What if one PostgreSQL session could rewind time? ·

Recently I have been tinkering with a question out of pure curiosity: what would PostgreSQL look like if it had a built-in page server? So I decided to try building one.

GitHub: pgStrata

pgStrata runs inside a PostgreSQL instance. It asynchronously reads and parses WAL, then writes the information required for Time Travel: such as pages, CLOG, relmap, checkpoints, TS-LSN mappings, and more, into its own multi-version engine based on an LSM tree.

Under normal conditions, pgStrata exists as an in-instance hot standby for historical state. Regular backend reads still go through PostgreSQL’s own data files, and do not read from pgStrata.

But when a user session executes:

SET strata.travel_time = '2026-04-06 10:00:00+00';

that session switches into Time Travel mode.

In this mode, all reads bypass PostgreSQL’s current data files and go to pgStrata instead. pgStrata maps the session-specified timestamp to the corresponding LSN, then reconstructs the required data pages, transaction states, relmap, and other metadata from that point in time.

Because every read is based on the state of the entire PostgreSQL instance at that exact moment, even tables that have already been dropped in the current database state can become visible again.

And when the session executes:

RESET strata.travel_time;

it leaves Time Travel mode and returns to the latest PostgreSQL state.

Example↓

The basic idea is illustrated below:

Mainstream PostgreSQL Time Travel approaches today

The mainstream ways to do Time Travel in PostgreSQL today are roughly these:

1. Point-in-time restore

This works by spinning up a new database instance, restoring a backup, and replaying incremental WAL up to the target time.

The main problem is that recovery takes time, and it is not very friendly for scenarios where you want to switch back and forth across multiple timestamps for testing. In practice, it feels more like a one-shot or one-directional Time Travel workflow.

2. Cloud databases

In compute-storage separated architectures, a multi-version page server is naturally well suited for Time Travel. But even in systems like Neon, Time Travel still typically requires bringing up a new compute node.

For ordinary single-instance scenarios, if you just want simple Time Travel but have to move to the cloud for it, cost also becomes part of the discussion.

So I wanted to see what it would look like to give a standalone PostgreSQL instance a built-in page server.

What I am aiming for

With this design, simple Time Travel can happen directly inside a session.

The extra cost mainly comes from: disk space for historical versions, multi-version maintenance, CPU and I/O overhead when reconstructing historical versions.

It runs inside PostgreSQL, but stays loosely coupled. The goal is simple: do not get in the way of normal PostgreSQL operation.

I have already hacked together a basic version. Along the way, a few engineering challenges have shown up.

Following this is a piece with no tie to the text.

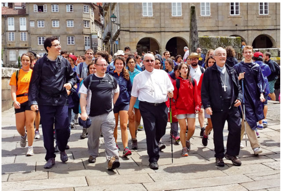
El Sr. Bisbe i el Sr. Bisbe auxiliar amb joves arribant a Santiago de Compostela (2014)

El lema de la Jornada d'aquest any és «La Vida Consagrada, encontre amb l'Amor de Déu». La finalitat primera i última de l'acció evangelitzadora de l'Església és propiciar en les

Engineering challenges so far

pgStrata cannot rely on fallback reads from PostgreSQL data files. In principle, pgStrata should not fall back to PostgreSQL data files for I/O. That makes full tracking of database file state very important. It needs to maintain the full historical metadata of all relations, including the size of each data file over time, handling events such as file extension and truncation, so that the system is fully self-sufficient.
Reconstructing historical pages requires replaying WAL deltas on top of base FPIs. To build a historical page, pgStrata needs to take a base full-page image (FPI) and apply WAL deltas on top of it. This is the biggest piece of work. At the moment, it supports: RM_HEAP_ID, RM_HEAP2_ID, RM_BTREE_ID, RM_SEQ_ID. The rest still need to be implemented gradually.
Query performance after Time Travel can be slow on large datasets. I ran some basic stress tests, and for large datasets, queries after entering Time Travel mode can become slow when reconstructing historical pages. This depends heavily on how many usable FPIs exist along the version chain. One possible optimization is to insert reconstructed historical pages back into the version chain during compaction, or even during one-off reconstruction. That way, the more FPIs you accumulate, the faster future reconstruction becomes. But of course this is a trade-off between reconstruction speed and space usage.
The current LSM design is still very rough. Right now the LSM implementation only has three levels: in-memory, L0, L1. Compaction is also still very simple and brute-force. A key-value separation design would probably be much better here, because nearly all deltas are effectively non-deletable if arbitrary-point Time Travel is to remain supported. Otherwise, every compaction causes heavy write amplification. Separating keys and values should help a lot, but I have not implemented that yet.
Space control is still unfinished. For space management, one possible approach is to configure either a retention window or a storage size limit, and then let compaction drop the oldest historical versions. But even that cannot be done by simply deleting old entries. Before dropping old history, the system would need to merge the FPI and deltas that are about to be removed into a new synthetic FPI and place it at the front of the version chain, so that reconstruction still remains correct. This part is also still not implemented.

Closing thoughts

I will keep improving it when I find the time.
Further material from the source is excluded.